Operations to build the model:
Order Ingress rules by CreationTimestamp field, i.e., old rules first.
If the same path for the same host is defined in more than one Ingress, the oldest rule wins.
If more than one Ingress contains a TLS section for the same host, the oldest rule wins.
If multiple Ingresses define an annotation that affects the configuration of the Server block, the oldest rule wins.
Create a list of NGINX Servers (per hostname)

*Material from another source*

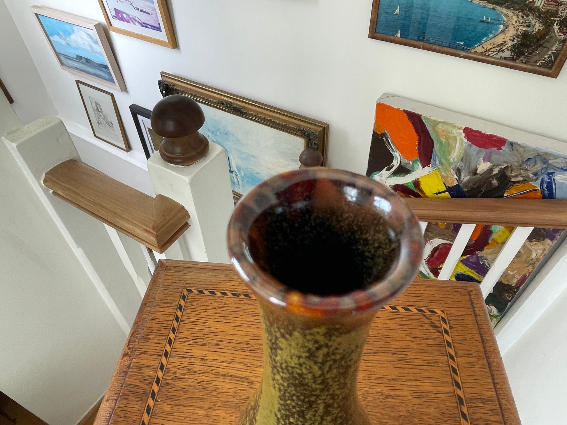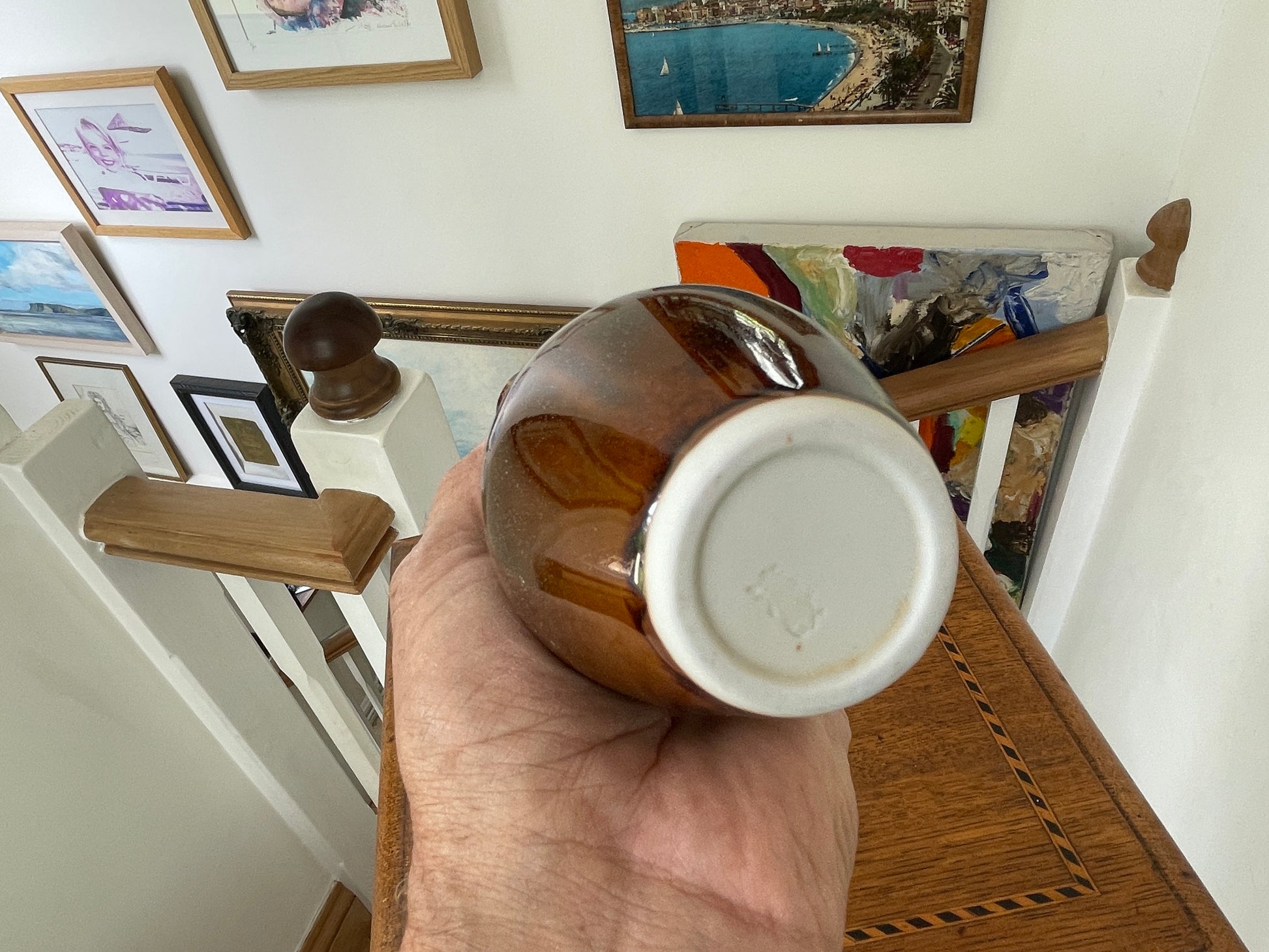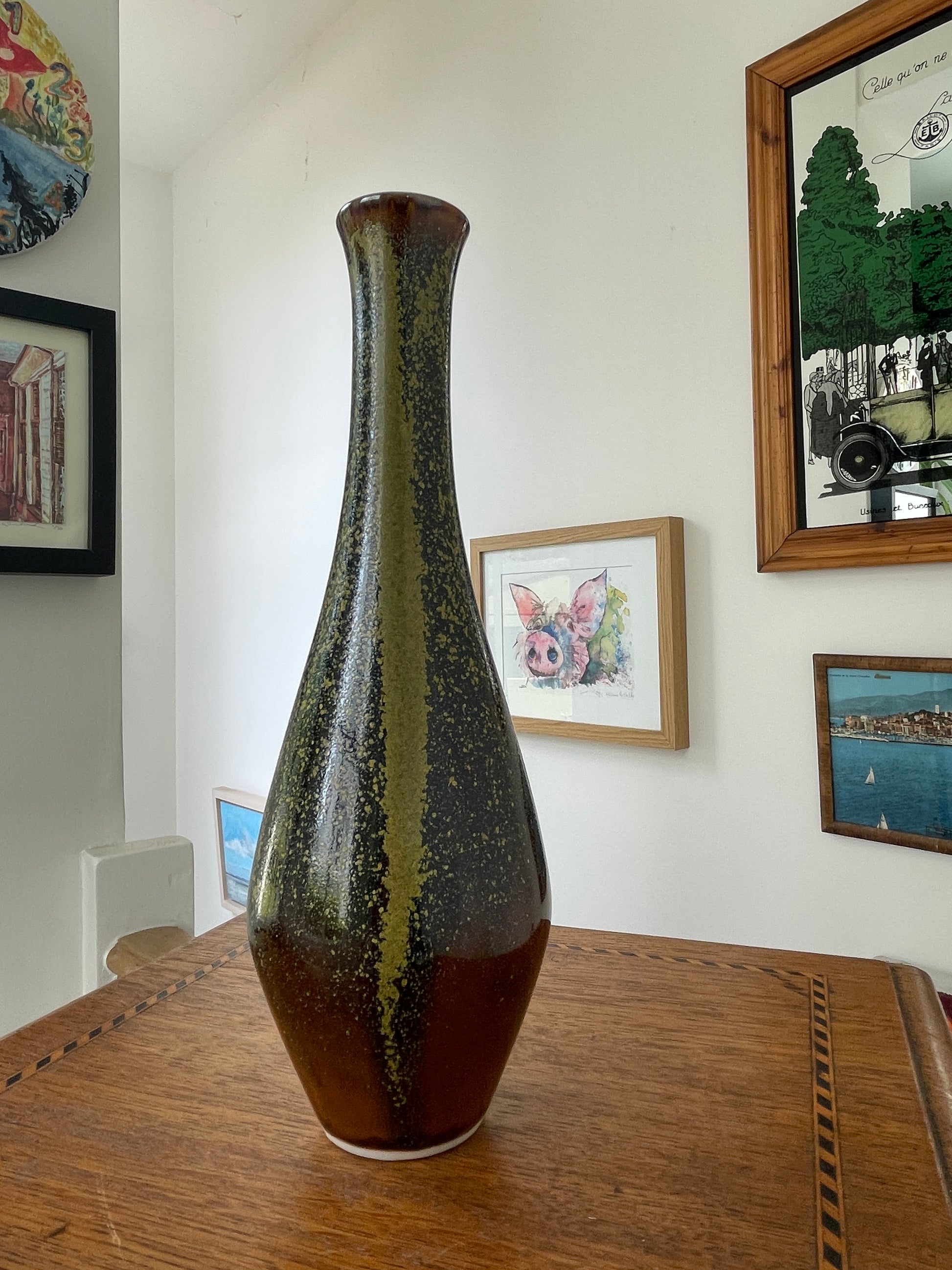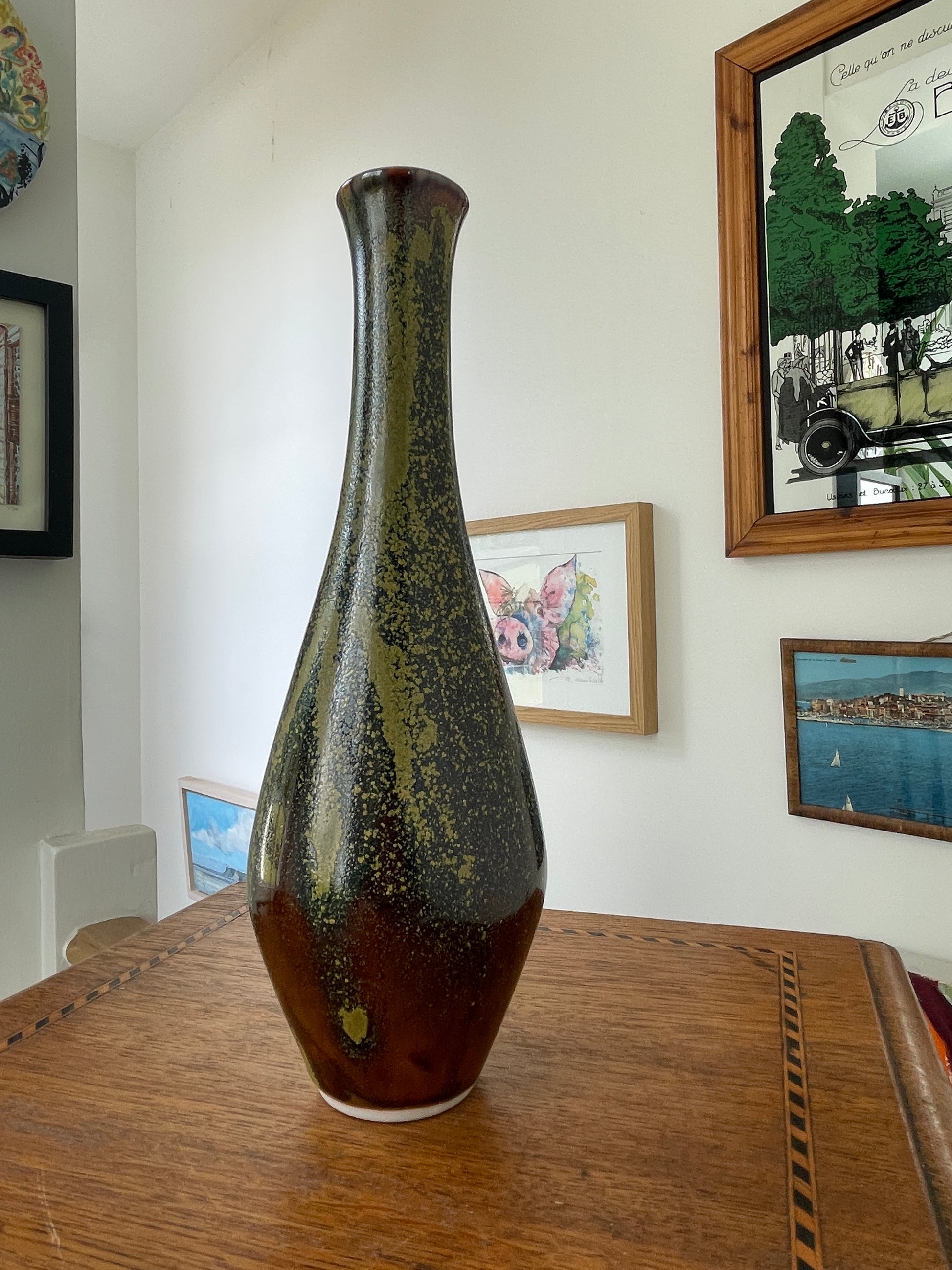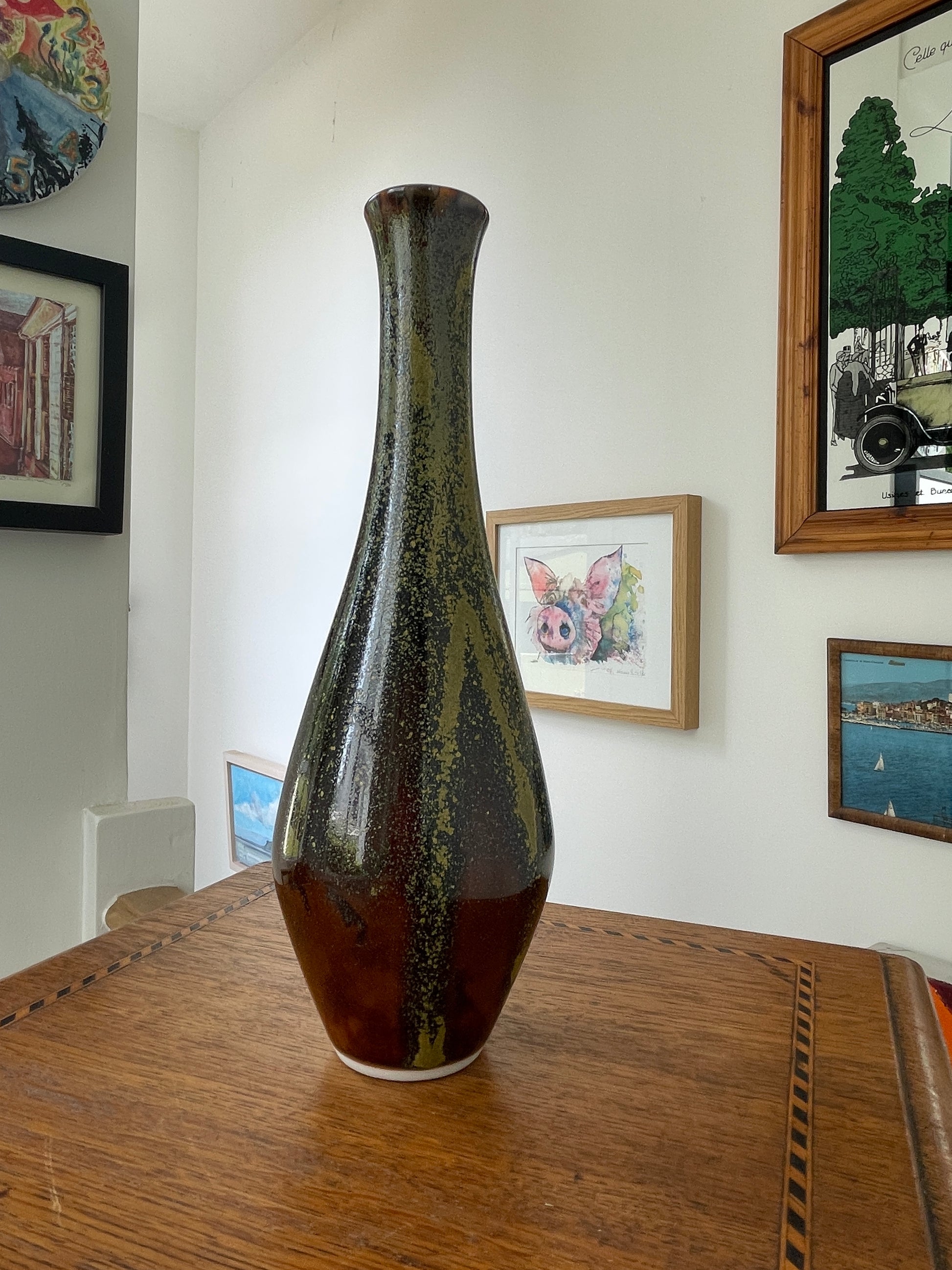 Vintage Japanese Studio Pottery Vase with Signed Wooden Box, 22cm Tall Glazed Art Pottery, Mid-Century Mingei Style

Create a list of NGINX Upstreams
If multiple Ingresses define different paths for the same host, the ingress controller will merge the definitions.
Annotations are applied to all the paths in the Ingress.
Multiple Ingresses can define different annotations. These definitions are not shared between Ingresses.
In some cases, it is possible to avoid reloads, in particular when there is a change in the endpoints, i.e., a pod is started or replaced. It is out of the scope of this Ingress controller to remove reloads completely. This would require an incredible amount of work and at some point makes no sense. This can change only if NGINX changes the way new configurations are read, basically, new changes do not replace worker processes.
On every endpoint change the controller fetches endpoints from all the services it sees and generates corresponding Backend objects. It then sends these objects to a Lua handler running inside Nginx. The Lua code in turn stores those backends in a shared memory zone. Then for every request Lua code running in balancer_by_lua context detects what endpoints it should choose upstream peer from and applies the configured load balancing algorithm to choose the peer. Then Nginx takes care of the rest. This way we avoid reloading Nginx on endpoint changes. Note that this includes annotation changes that affects only upstream configuration in Nginx as well.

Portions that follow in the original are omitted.